Data entries
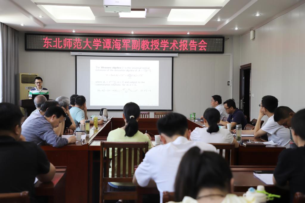 会上,谭海军副教授首先介绍了affine-Virasoro代数的相关知识背景。然后,介绍了最近在affine-Virasoro代数上取得的一些最新结果,包括一类affine-Virasoro代数的单模的分类,这类模的特点是affine-Virasoro代数的正半部分作用在模上局部有限。谭海军副教授给出了这些单模的完全分类,证明了它们要么是最高权模,要么是Whittaker 模。会后,谭海军副教授教授与参加报告的师生展开了热烈讨论,就师生所提出的问题进行了详细、全面地解答。此次报告会和交流讨论对在座的各位老师和同学们都有很大的启发,进一步激发了师生们探究代数学的兴趣和信心。
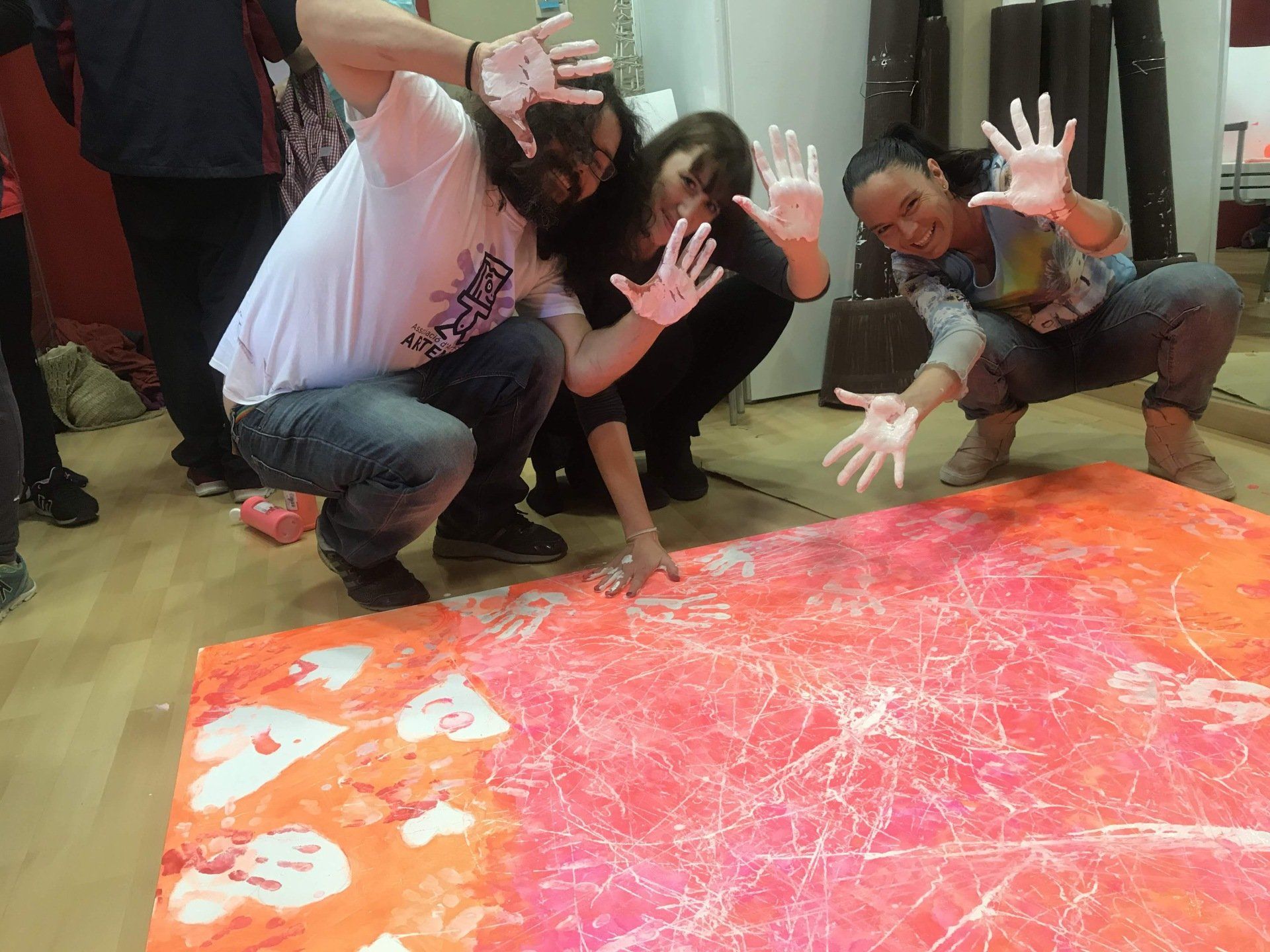 Las personas con diversionalidad funcional de la Asociación Alpi nos presentan una obra muy contemporánea con un estilo figurativo , Naïf y muy colorista llamada “ Tras Nuestra Mirada “.
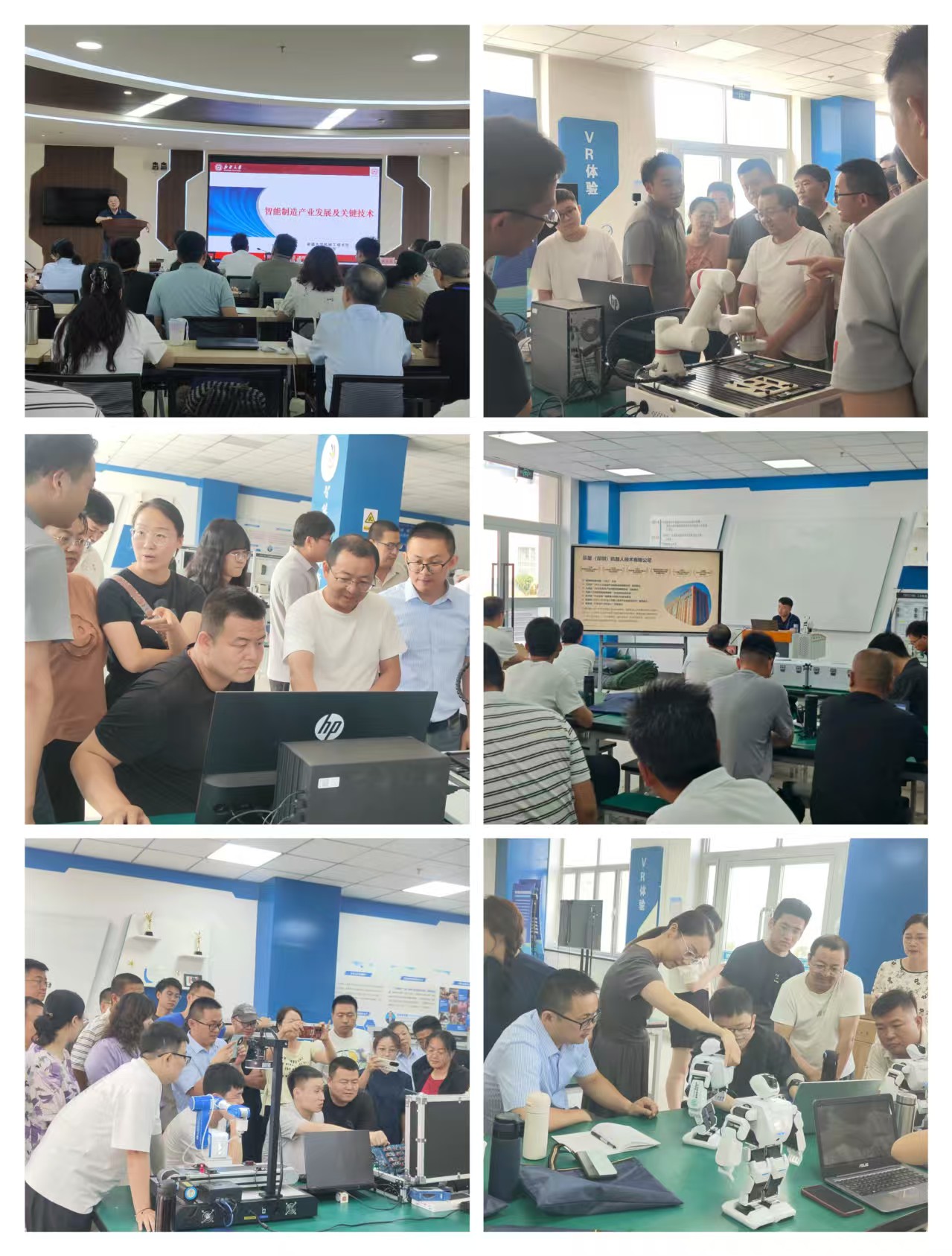 五天的研修日程紧凑而富有成效。研修内容紧贴时代脉搏,聚焦前沿科技,系统涵盖了“智能制造产业发展及关键技术”“人工智能人才培养与科研创新”“具身人形机器人操作与编程”“AI大模型训练及多模态交互”“人工智能机器人视觉”“协作机器人物料搬运与分拣”“智能复合机器人视觉识别与搬运综合实训”等前沿且实用的关键领域。研修方式上,采取了专家授课、案例分析、专题研讨、技能实战等相结合的多元模式,为学员们构建了一个高起点、多层次、强互动的学习交流平台。
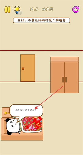 2、在这关中,你需要通过小心操作,避免妈妈打扰到二狗睡觉。想办法保持安静,成功达到关卡目标。
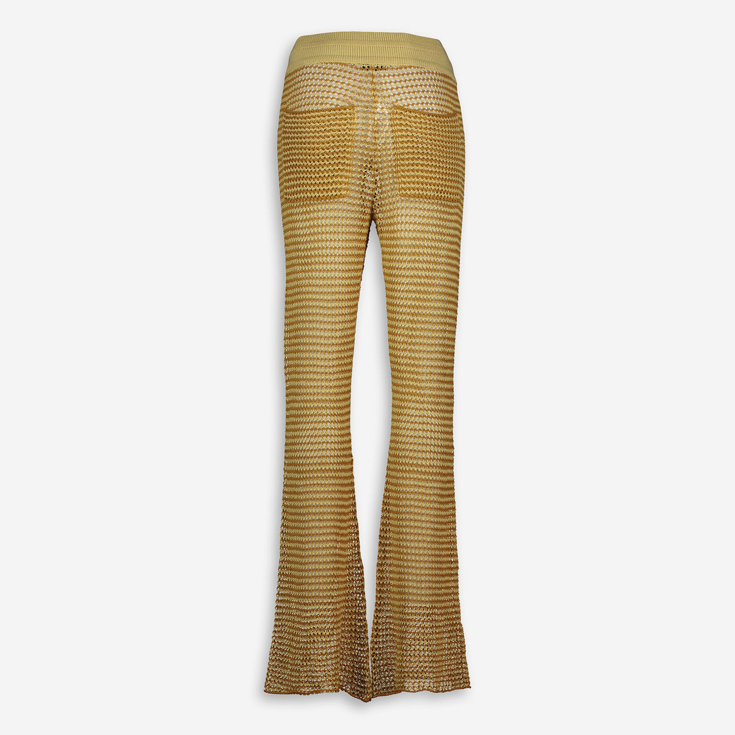 • Brown & Yellow Knitted Linen Flared Trousers
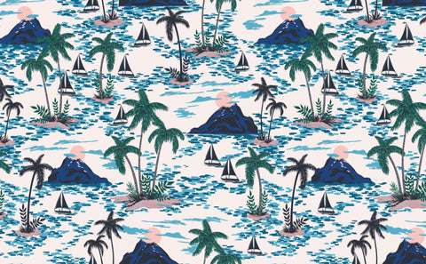 Satisfaction GuaranteedVintage tropics, with blue mountain islands, palm trees, peach suns and black sailboats with blue seas, on a white background. Available in both removable peel-and-stick and permanent wallpapers. Printed with child-safe inks.
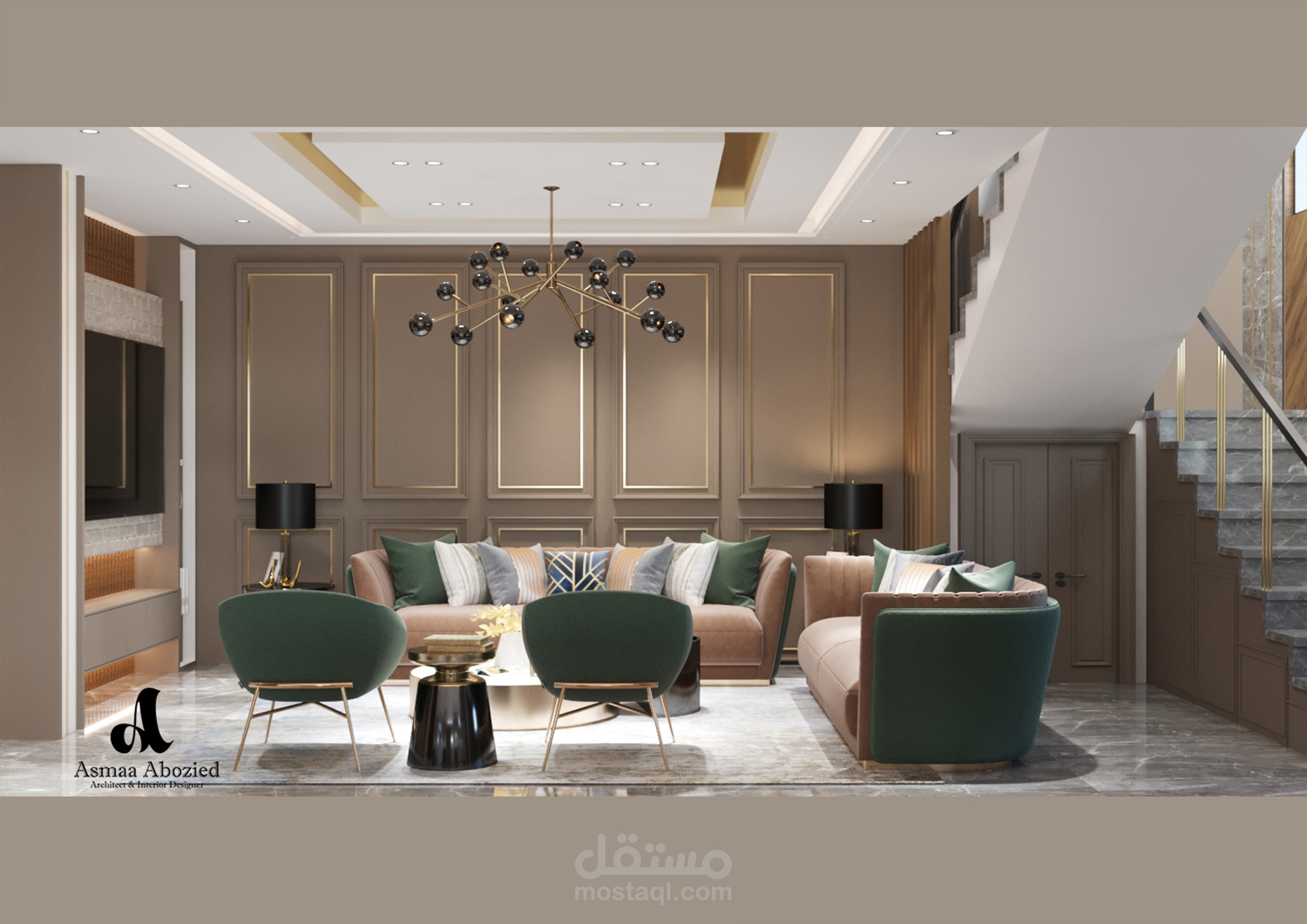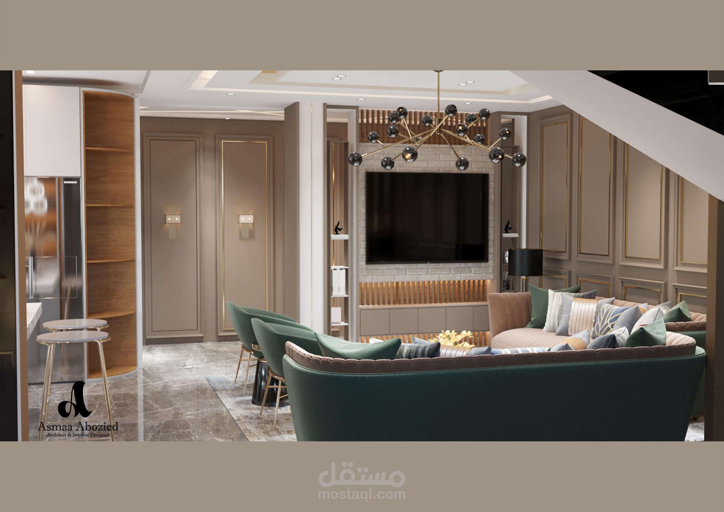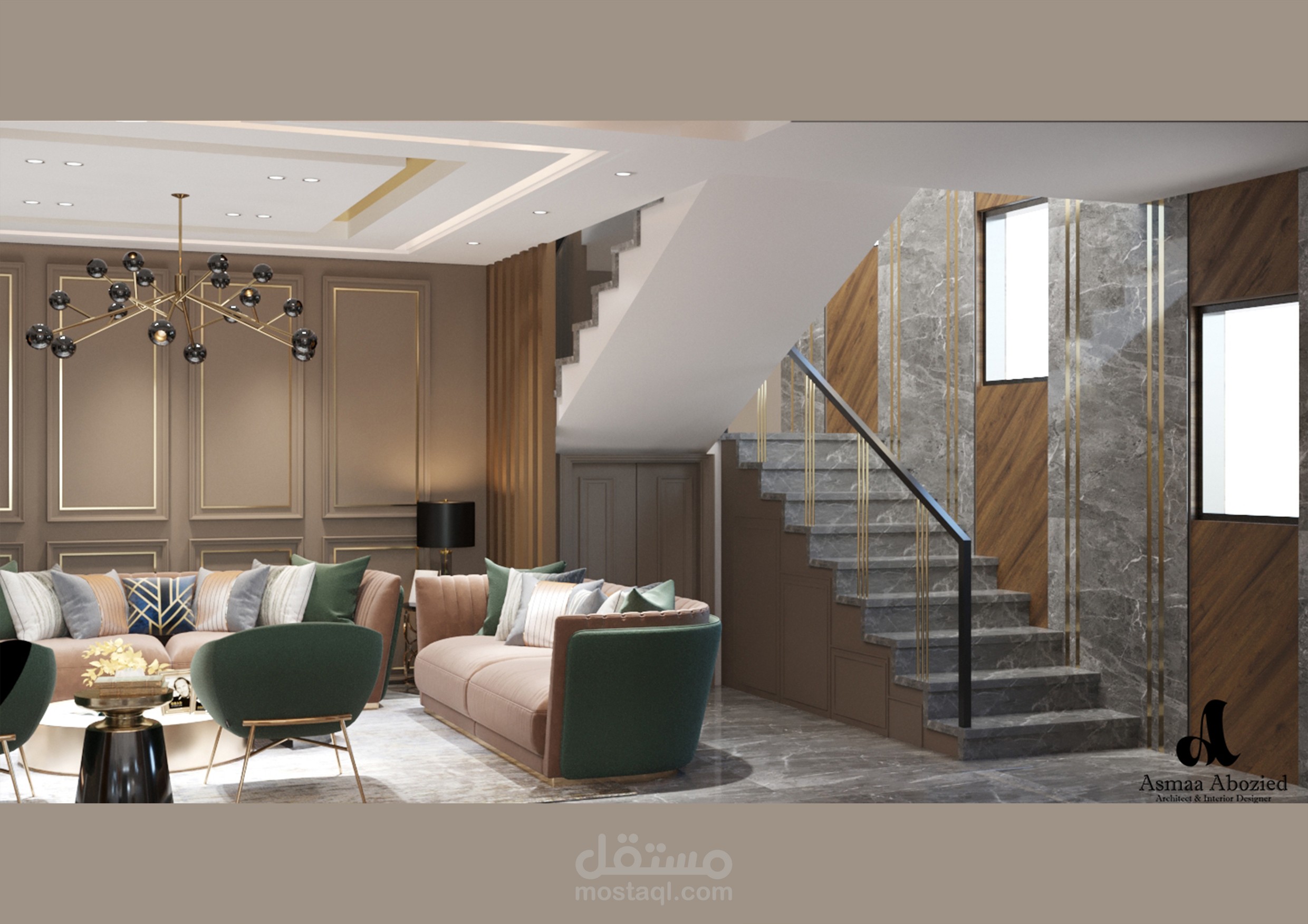 تصميم فراغ معيشة وممر وسلم لفيلة
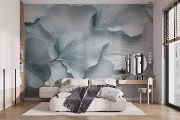 Fototapeten Strukturierte, blau-weiße Ginkgoblätter mit zartem Bio-Aufdruck N° w09741v1
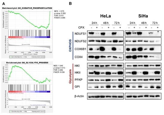 Ciclopirox (CPX) downregulates oxidative phosphorylation (OXPHOS)-related factors and upregulates glycolysis-related factors in cervical cancer cells. (A) Proteome analyses of SiHa cells treated with 10 µM CPX for 48 h. Experiments were performed in triplicate, and data were analyzed via gene set enrichment analysis (GSEA). Enrichment plots of the gene sets “GO_glycolytic_process” and “GO_oxidative_phosphorylation” are shown. NES: normalized enrichment score; FDR: false discovery rate; FWER: family-wise error rate. (B) Immunoblot analyses of HeLa or SiHa cells treated for 24, 48, or 72 h with 10 µM CPX (+) or solvent control EtOH (-), assessing protein levels of exemplary factors involved in OXPHOS or glycolysis. NDUFS1, NDUFS2: NADH:Ubiquinone oxidoreductase core subunits S1 and S2; COX6B1, COX4: cytochrome c oxidase subunits 6B1 and 4. HKI and HKII: hexokinase I and II; PFKP: phosphofructokinase; GPI: glucose-6-phosphate isomerase; β-Actin: representative loading control.
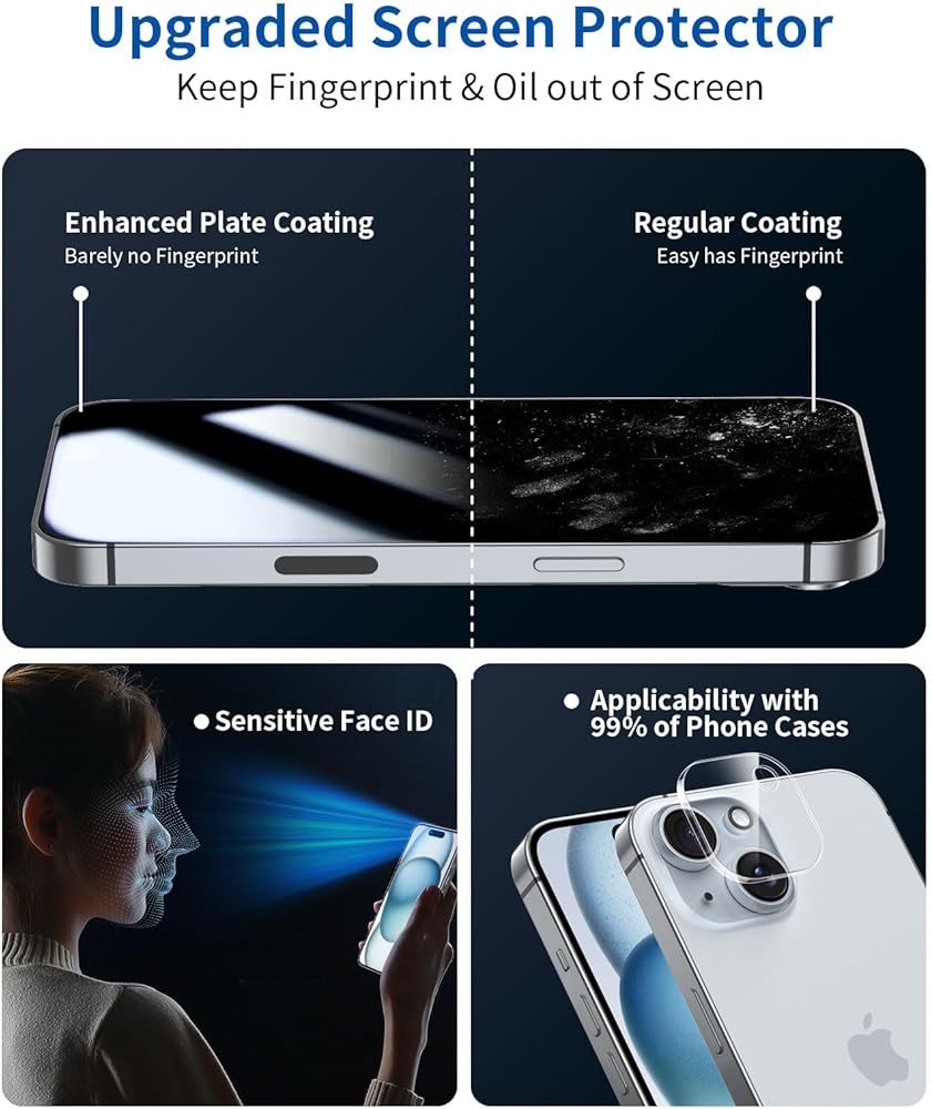 ✅تصميم صلابة فائقة 9H: طلاء شاشة شفاف عالي الوضوح بنسبة 99.99% مقاوم للماء والزيوت يحمي من العرق وبقايا الزيت من بصمات الأصابع. تغطي حماية التغطية الكاملة للشاشة شاشة iPhone 15 Plus مقاس 6.7 بوصة وتجعلها ملائمة للحافظة. سهلة التركيب للغاية.
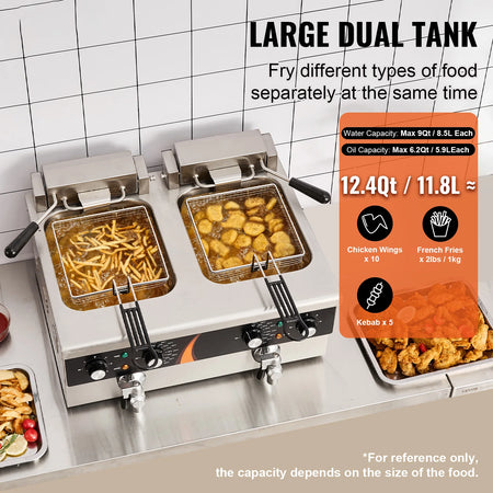- 1 x 2 x 9QT Dual Tank Electric Countertop Fryer
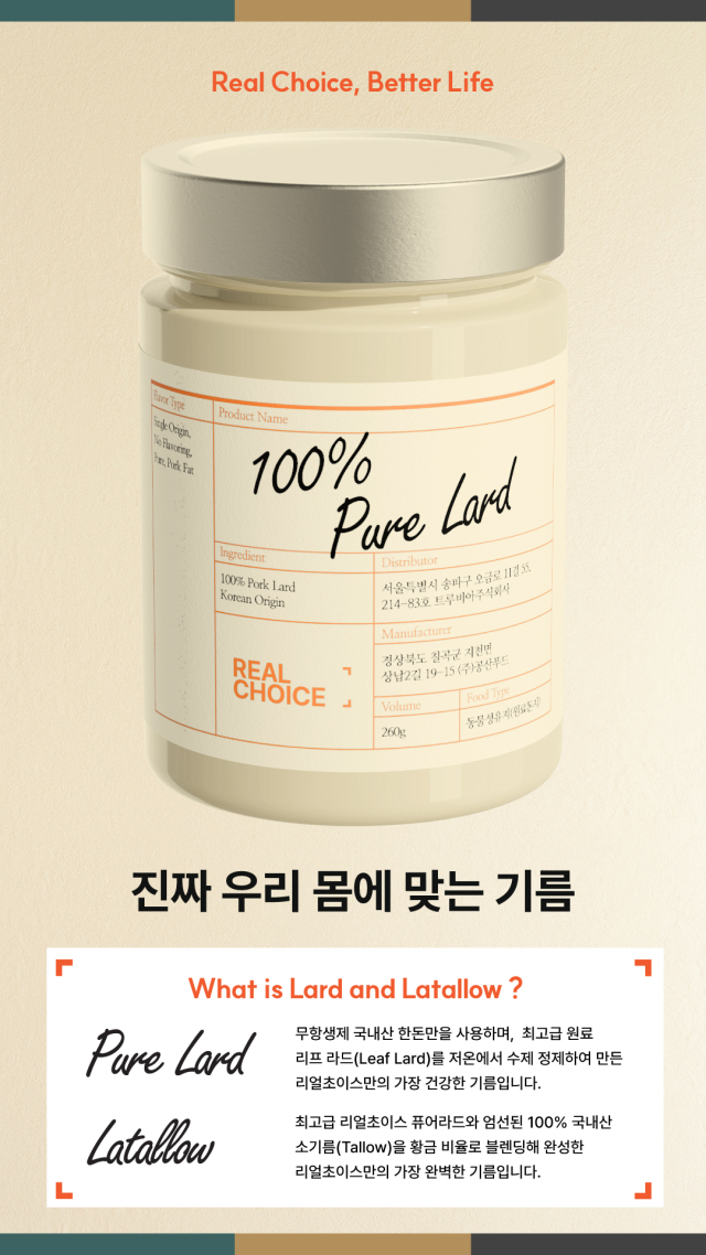 이번에 출시된 라드와 라텔로는 '리얼초이스'란 브랜드로 판매될 예정이다. "씨앗기름 중심의 현대 식단이 남긴 문제를 넘어 우리 몸에 맞는 진짜 기름을 되찾는다"는 브랜드 철학을 전달하겠다는 게 트루비아의 목표다.

### Exercise requirements
Write out the entries again word for word. Do not include the pictures.

### Finished task
 会上,谭海军副教授首先介绍了affine-Virasoro代数的相关知识背景。然后,介绍了最近在affine-Virasoro代数上取得的一些最新结果,包括一类affine-Virasoro代数的单模的分类,这类模的特点是affine-Virasoro代数的正半部分作用在模上局部有限。谭海军副教授给出了这些单模的完全分类,证明了它们要么是最高权模,要么是Whittaker 模。会后,谭海军副教授教授与参加报告的师生展开了热烈讨论,就师生所提出的问题进行了详细、全面地解答。此次报告会和交流讨论对在座的各位老师和同学们都有很大的启发,进一步激发了师生们探究代数学的兴趣和信心。
 Las personas con diversionalidad funcional de la Asociación Alpi nos presentan una obra muy contemporánea con un estilo figurativo , Naïf y muy colorista llamada “ Tras Nuestra Mirada “.
 五天的研修日程紧凑而富有成效。研修内容紧贴时代脉搏,聚焦前沿科技,系统涵盖了“智能制造产业发展及关键技术”“人工智能人才培养与科研创新”“具身人形机器人操作与编程”“AI大模型训练及多模态交互”“人工智能机器人视觉”“协作机器人物料搬运与分拣”“智能复合机器人视觉识别与搬运综合实训”等前沿且实用的关键领域。研修方式上,采取了专家授课、案例分析、专题研讨、技能实战等相结合的多元模式,为学员们构建了一个高起点、多层次、强互动的学习交流平台。
 2、在这关中,你需要通过小心操作,避免妈妈打扰到二狗睡觉。想办法保持安静,成功达到关卡目标。
 • Brown & Yellow Knitted Linen Flared Trousers
 Satisfaction GuaranteedVintage tropics, with blue mountain islands, palm trees, peach suns and black sailboats with blue seas, on a white background. Available in both removable peel-and-stick and permanent wallpapers. Printed with child-safe inks.
 تصميم فراغ معيشة وممر وسلم لفيلة
 Fototapeten Strukturierte, blau-weiße Ginkgoblätter mit zartem Bio-Aufdruck N° w09741v1
 Ciclopirox (CPX) downregulates oxidative phosphorylation (OXPHOS)-related factors and upregulates glycolysis-related factors in cervical cancer cells. (A) Proteome analyses of SiHa cells treated with 10 µM CPX for 48 h. Experiments were performed in triplicate, and data were analyzed via gene set enrichment analysis (GSEA). Enrichment plots of the gene sets “GO_glycolytic_process” and “GO_oxidative_phosphorylation” are shown. NES: normalized enrichment score; FDR: false discovery rate; FWER: family-wise error rate. (B) Immunoblot analyses of HeLa or SiHa cells treated for 24, 48, or 72 h with 10 µM CPX (+) or solvent control EtOH (-), assessing protein levels of exemplary factors involved in OXPHOS or glycolysis. NDUFS1, NDUFS2: NADH:Ubiquinone oxidoreductase core subunits S1 and S2; COX6B1, COX4: cytochrome c oxidase subunits 6B1 and 4. HKI and HKII: hexokinase I and II; PFKP: phosphofructokinase; GPI: glucose-6-phosphate isomerase; β-Actin: representative loading control.
 ✅تصميم صلابة فائقة 9H: طلاء شاشة شفاف عالي الوضوح بنسبة 99.99% مقاوم للماء والزيوت يحمي من العرق وبقايا الزيت من بصمات الأصابع. تغطي حماية التغطية الكاملة للشاشة شاشة iPhone 15 Plus مقاس 6.7 بوصة وتجعلها ملائمة للحافظة. سهلة التركيب للغاية.
- 1 x 2 x 9QT Dual Tank Electric Countertop Fryer
 이번에 출시된 라드와 라텔로는 '리얼초이스'란 브랜드로 판매될 예정이다. "씨앗기름 중심의 현대 식단이 남긴 문제를 넘어 우리 몸에 맞는 진짜 기름을 되찾는다"는 브랜드 철학을 전달하겠다는 게 트루비아의 목표다.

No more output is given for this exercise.